BEGIN

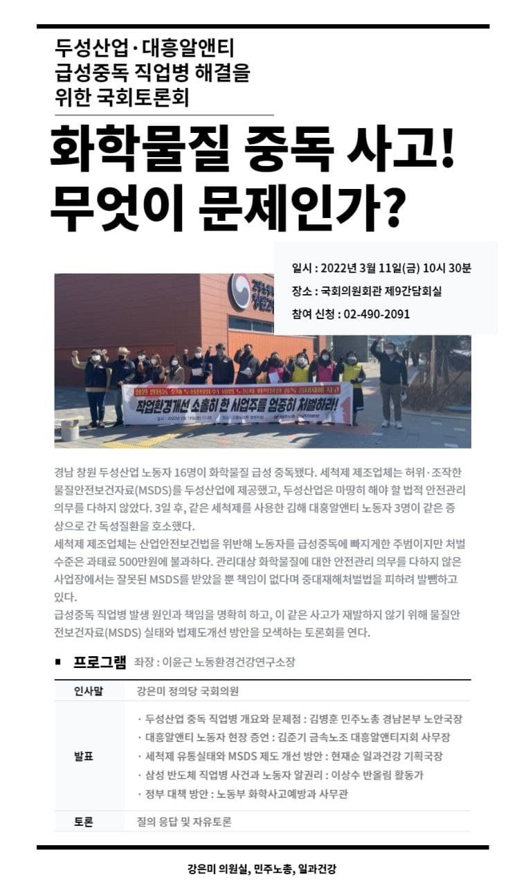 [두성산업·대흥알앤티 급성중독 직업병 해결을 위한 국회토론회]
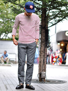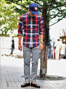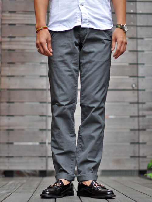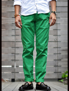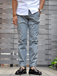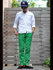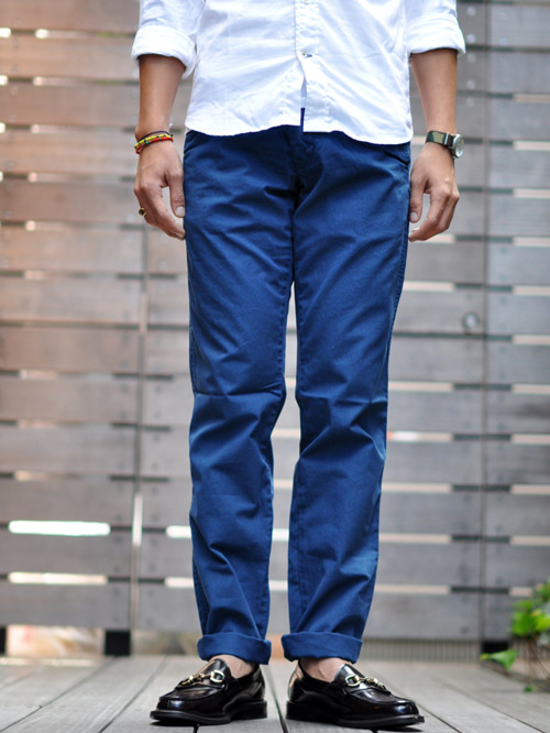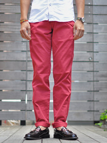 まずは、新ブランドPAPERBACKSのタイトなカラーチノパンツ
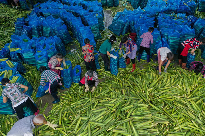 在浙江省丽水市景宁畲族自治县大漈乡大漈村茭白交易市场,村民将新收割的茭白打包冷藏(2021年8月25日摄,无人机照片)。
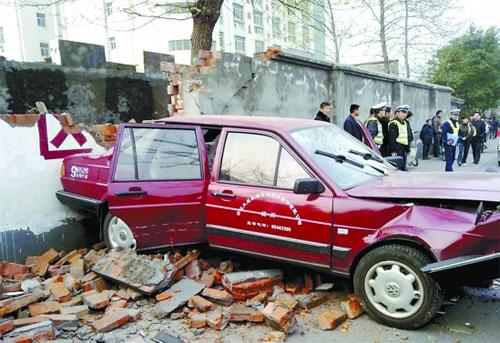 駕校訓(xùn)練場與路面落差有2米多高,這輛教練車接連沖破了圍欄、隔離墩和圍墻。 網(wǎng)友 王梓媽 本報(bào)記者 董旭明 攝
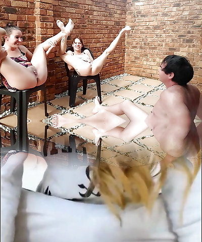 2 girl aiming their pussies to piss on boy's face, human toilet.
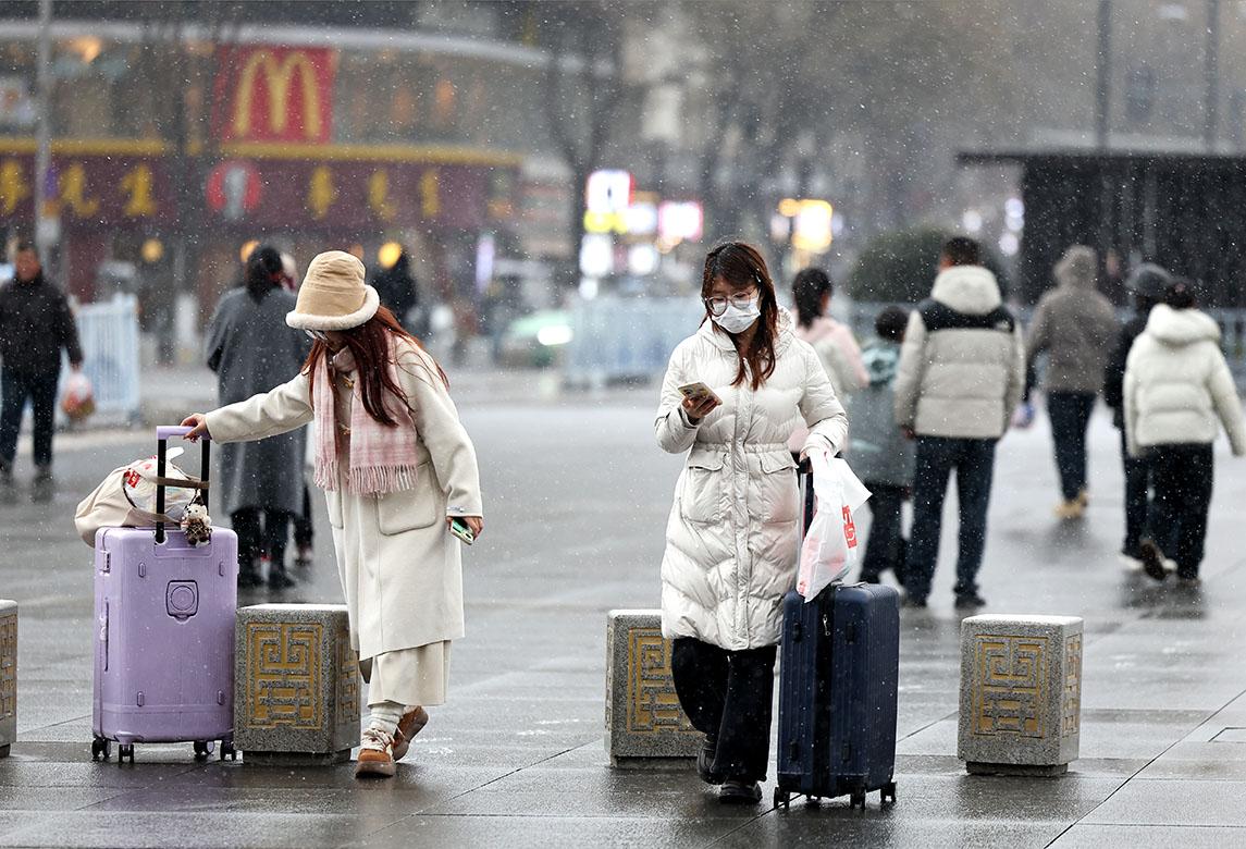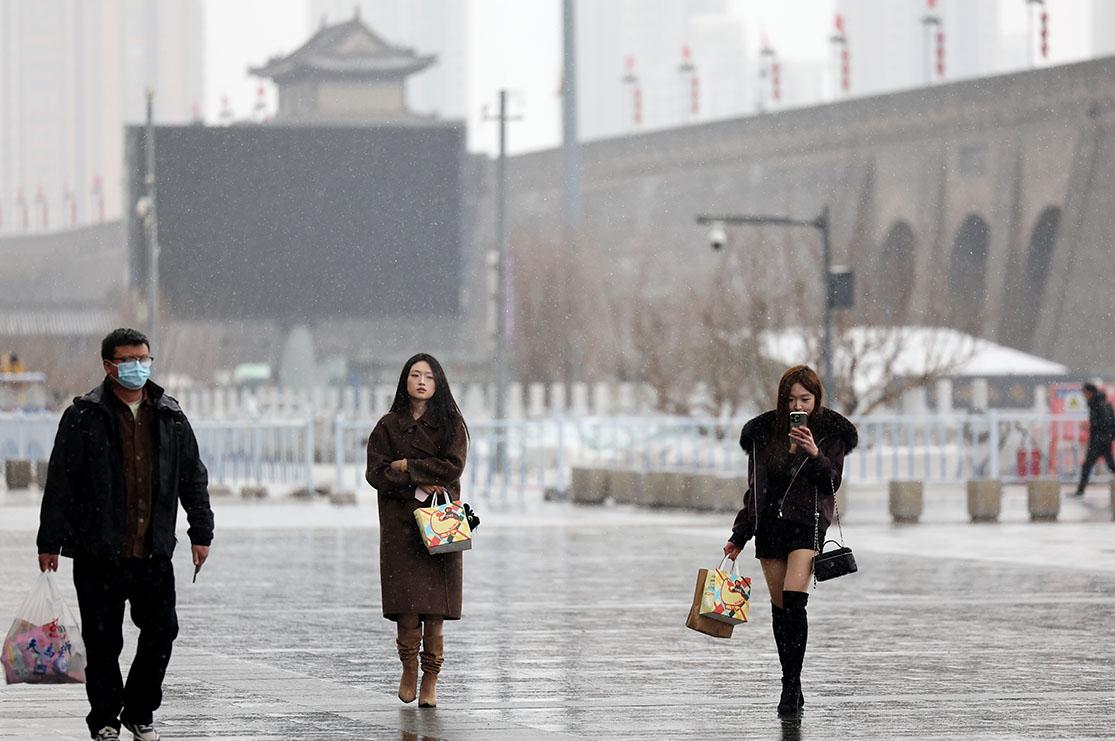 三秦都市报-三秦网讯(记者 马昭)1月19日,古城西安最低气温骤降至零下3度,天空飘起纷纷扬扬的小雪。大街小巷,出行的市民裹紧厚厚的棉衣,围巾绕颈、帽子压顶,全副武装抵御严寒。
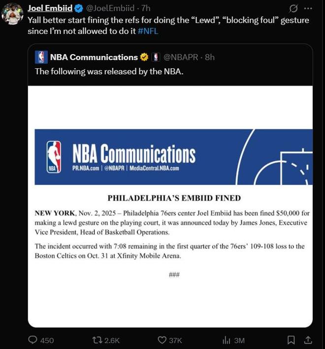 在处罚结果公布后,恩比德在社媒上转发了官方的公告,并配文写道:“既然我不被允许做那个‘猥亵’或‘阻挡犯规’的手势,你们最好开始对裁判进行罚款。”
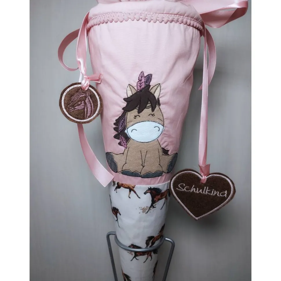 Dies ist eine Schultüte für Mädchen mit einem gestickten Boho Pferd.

END

Action item
Omit the pictures, then output the rest of the listing exactly.

Answer below
 [두성산업·대흥알앤티 급성중독 직업병 해결을 위한 국회토론회]
 まずは、新ブランドPAPERBACKSのタイトなカラーチノパンツ
 在浙江省丽水市景宁畲族自治县大漈乡大漈村茭白交易市场,村民将新收割的茭白打包冷藏(2021年8月25日摄,无人机照片)。
 駕校訓(xùn)練場與路面落差有2米多高,這輛教練車接連沖破了圍欄、隔離墩和圍墻。 網(wǎng)友 王梓媽 本報(bào)記者 董旭明 攝
 2 girl aiming their pussies to piss on boy's face, human toilet.
 三秦都市报-三秦网讯(记者 马昭)1月19日,古城西安最低气温骤降至零下3度,天空飘起纷纷扬扬的小雪。大街小巷,出行的市民裹紧厚厚的棉衣,围巾绕颈、帽子压顶,全副武装抵御严寒。
 在处罚结果公布后,恩比德在社媒上转发了官方的公告,并配文写道:“既然我不被允许做那个‘猥亵’或‘阻挡犯规’的手势,你们最好开始对裁判进行罚款。”
 Dies ist eine Schultüte für Mädchen mit einem gestickten Boho Pferd.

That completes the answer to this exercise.